Resep Jitu Menjaga Kehormatan Muslimah
Saudariku, kehormatanmu lebih berharga daripada perhiasan termahal di dunia. Maka jagalah ia dengan sebaik mungkin, baik sebelum menikah ataupun setelah bersuami.
Berbagai kasus pemerkosaan menghiasi surat kabar nasional, bahkan tak jarang seorang akhwat muslimah jadi korbannya.
Kita harus selalu bertawakkal kepada Allah, serta ridha dan menerima takdir yang ditetapkan Allah. Tetapi, tawakkal kita menjadi timpang jika tidak diiringi dengan usaha maksimal. Maka di sini saudaramu mencoba mengajukan beberapa resep jitu in sya’a Allah, sebagai bentuk usaha menjaga kesucian dan kehormatan seorang mukminah:
1. Tutuplah Auratmu dengan Sempurna
“Hai Nabi katakanlah kepada isteri-isterimu, anak-anak perempuanmu dan isteri-isteri orang mu’min: “Hendaklah mereka mengulurkan jilbabnya ke seluruh tubuh mereka”. Yang demikian itu supaya mereka lebih mudah untuk dikenal, karena itu MEREKA TIDAK DIGANGGU. Dan Allah adalah Maha Pengampun lagi Maha Penyayang. (QS. al-Ahzab: 59)
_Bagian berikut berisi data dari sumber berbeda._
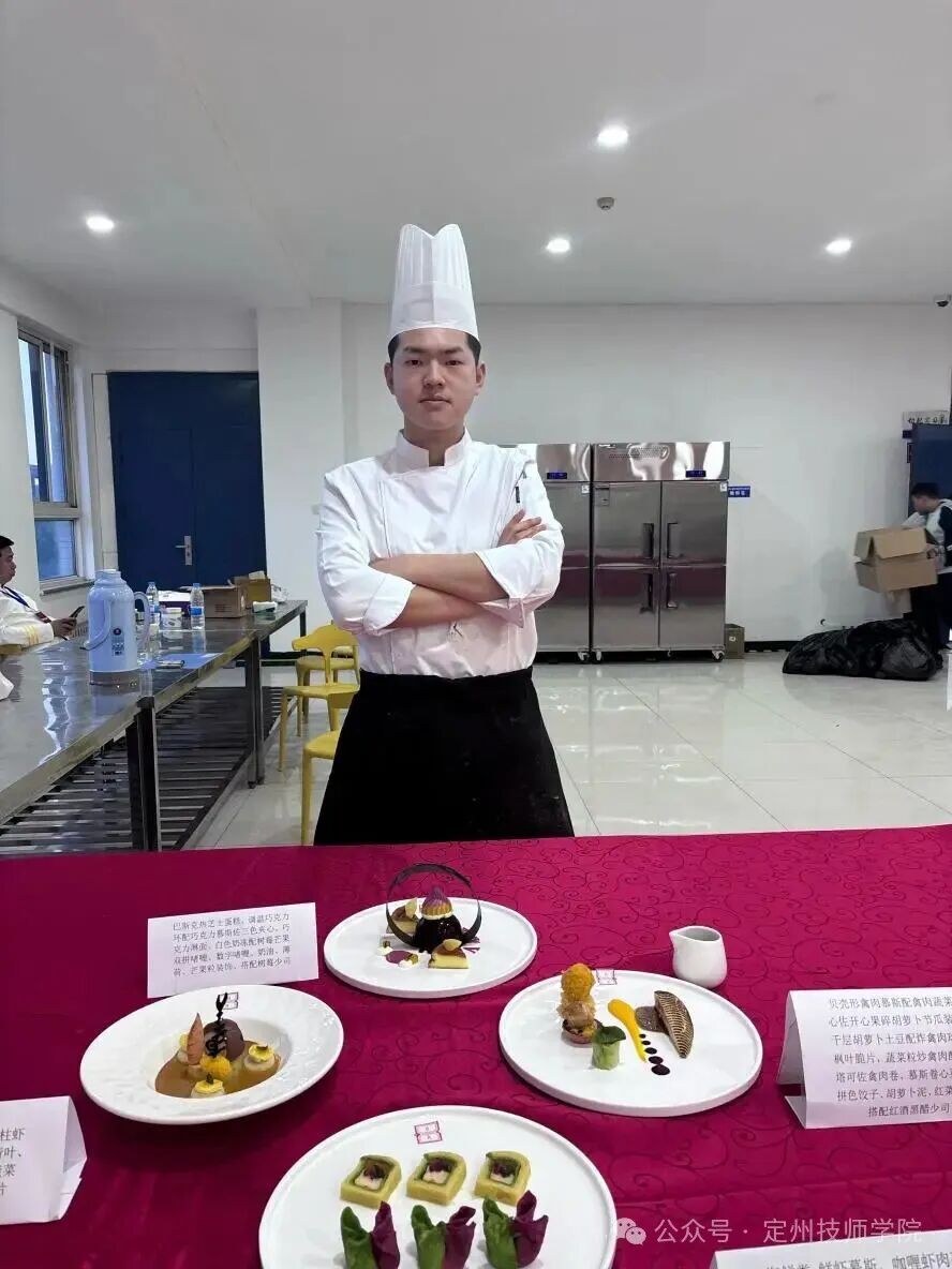 2023年,宋佳賀同學(xué)榮獲“美·大董杯”河北省職業(yè)院校技能大賽烹飪(西餐)項目比賽二等獎;2025年,在河北省第二屆職業(yè)技能大賽烹飪(西餐)項目中,又獲得金牌,并入選河北省國家集訓(xùn)隊,備戰(zhàn)第三屆全國職業(yè)技能大賽。

Seluruh ulama sepakat bahwa semua tubuh wanita adalah aurat. Terkecuali wajah dan kedua telapak tangan, dalam hal ini mereka berbeda pendapat. Satu pendapat mengatakan kebolehan membuka wajah dan kedua telapak tangan hanya dalam shalat, di luar shalat seluruh tubuhnya adalah aurat. Pendapat lain mengatakan boleh memperlihatkan wajah dan telapak tangan di luar shalat. Kendati demikian, semua ulama tetap menyarankan seorang mukminah menutup seluruh tubuhnya jika keluar rumah.
Apalagi zaman kita sekarang adalah zaman fitnah, maka pendapat yang menyatakan seluruh tubuh wanita adalah aurat yang harus ditutupi, termasuk wajah dan kedua telapak tangan, harus menjadi bahan pertimbangan.
2. Tundukkan Pandangan, Jaga Kemaluan.
Katakanlah kepada wanita yang beriman: “Hendaklah mereka menahan pandangan mereka, dan memelihara kemaluan mereka, dan janganlah mereka menampakkan perhiasan mereka kecuali yang (biasa) nampak dari mereka. Dan hendaklah mereka menutupkan kain kudung ke dada mereka. (QS.an-Nur: 31)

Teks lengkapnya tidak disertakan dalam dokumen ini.